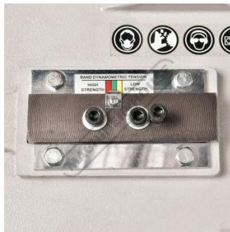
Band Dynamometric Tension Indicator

* * *

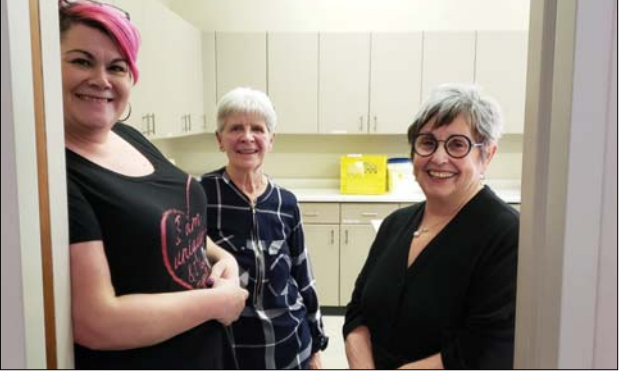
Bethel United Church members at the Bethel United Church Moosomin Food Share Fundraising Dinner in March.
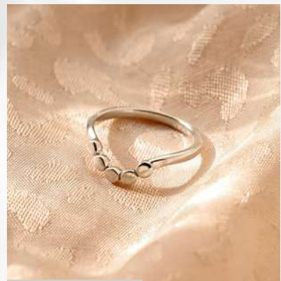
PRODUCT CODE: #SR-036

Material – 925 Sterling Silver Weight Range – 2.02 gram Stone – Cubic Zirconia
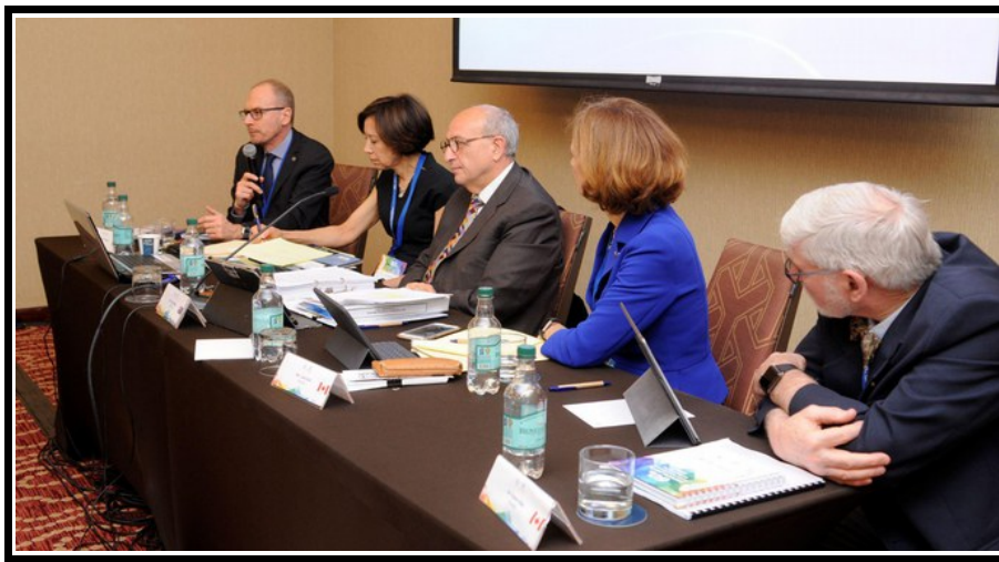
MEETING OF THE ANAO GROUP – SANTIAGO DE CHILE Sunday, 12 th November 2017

==

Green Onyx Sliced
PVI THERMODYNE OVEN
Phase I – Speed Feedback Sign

__REQUIRED WORK__.
Between and including the line with "Material – 925" and the line with "MEETING OF THE", repeat every line exactly as it appears above, with pictures left out.

__OUTPUT FOR THIS EXERCISE__.
Material – 925 Sterling Silver Weight Range – 2.02 gram Stone – Cubic Zirconia
MEETING OF THE ANAO GROUP – SANTIAGO DE CHILE Sunday, 12 th November 2017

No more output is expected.